• INFORMATION SUPPLIED:
· · ·

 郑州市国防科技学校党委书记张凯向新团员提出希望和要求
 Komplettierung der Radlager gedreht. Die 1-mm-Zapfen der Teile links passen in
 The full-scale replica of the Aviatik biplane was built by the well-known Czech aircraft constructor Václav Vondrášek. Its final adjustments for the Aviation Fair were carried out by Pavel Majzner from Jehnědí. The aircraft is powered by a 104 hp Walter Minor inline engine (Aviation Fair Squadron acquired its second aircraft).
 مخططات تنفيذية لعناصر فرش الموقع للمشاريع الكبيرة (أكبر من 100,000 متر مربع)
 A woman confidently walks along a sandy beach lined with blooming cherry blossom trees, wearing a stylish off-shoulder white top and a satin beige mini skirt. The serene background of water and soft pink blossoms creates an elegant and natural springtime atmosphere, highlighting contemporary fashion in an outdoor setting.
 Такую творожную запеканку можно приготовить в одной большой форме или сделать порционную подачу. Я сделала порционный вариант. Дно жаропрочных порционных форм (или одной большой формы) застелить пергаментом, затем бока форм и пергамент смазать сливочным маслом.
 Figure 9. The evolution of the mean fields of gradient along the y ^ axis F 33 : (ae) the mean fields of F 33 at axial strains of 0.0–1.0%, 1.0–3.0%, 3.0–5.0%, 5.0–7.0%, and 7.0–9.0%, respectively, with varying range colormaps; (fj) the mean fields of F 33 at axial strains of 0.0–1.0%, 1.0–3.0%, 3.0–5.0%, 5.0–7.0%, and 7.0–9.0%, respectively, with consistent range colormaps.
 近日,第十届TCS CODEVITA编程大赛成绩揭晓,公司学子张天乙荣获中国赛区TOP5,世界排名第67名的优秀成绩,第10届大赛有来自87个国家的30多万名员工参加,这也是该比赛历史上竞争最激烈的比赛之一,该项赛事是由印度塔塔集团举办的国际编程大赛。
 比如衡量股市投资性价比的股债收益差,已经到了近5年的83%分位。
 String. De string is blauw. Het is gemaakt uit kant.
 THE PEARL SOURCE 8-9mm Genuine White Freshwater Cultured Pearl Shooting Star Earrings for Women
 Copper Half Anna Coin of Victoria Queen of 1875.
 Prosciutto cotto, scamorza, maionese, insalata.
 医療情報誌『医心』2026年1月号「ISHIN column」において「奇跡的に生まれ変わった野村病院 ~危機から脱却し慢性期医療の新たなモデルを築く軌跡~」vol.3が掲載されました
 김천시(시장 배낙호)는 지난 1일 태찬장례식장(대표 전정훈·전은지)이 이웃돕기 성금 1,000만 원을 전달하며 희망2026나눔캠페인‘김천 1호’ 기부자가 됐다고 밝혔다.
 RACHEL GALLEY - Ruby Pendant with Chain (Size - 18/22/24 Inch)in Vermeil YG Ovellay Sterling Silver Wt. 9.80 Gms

· · ·

• TASK DETAILS: The range runs from the line above containing "Komplettierung der Radlager" to the line containing "Такую творожную запеканку", inclusive. Restate those lines word for word and no others.

• OUTPUT BELOW:
 Komplettierung der Radlager gedreht. Die 1-mm-Zapfen der Teile links passen in
 The full-scale replica of the Aviatik biplane was built by the well-known Czech aircraft constructor Václav Vondrášek. Its final adjustments for the Aviation Fair were carried out by Pavel Majzner from Jehnědí. The aircraft is powered by a 104 hp Walter Minor inline engine (Aviation Fair Squadron acquired its second aircraft).
 مخططات تنفيذية لعناصر فرش الموقع للمشاريع الكبيرة (أكبر من 100,000 متر مربع)
 A woman confidently walks along a sandy beach lined with blooming cherry blossom trees, wearing a stylish off-shoulder white top and a satin beige mini skirt. The serene background of water and soft pink blossoms creates an elegant and natural springtime atmosphere, highlighting contemporary fashion in an outdoor setting.
 Такую творожную запеканку можно приготовить в одной большой форме или сделать порционную подачу. Я сделала порционный вариант. Дно жаропрочных порционных форм (или одной большой формы) застелить пергаментом, затем бока форм и пергамент смазать сливочным маслом.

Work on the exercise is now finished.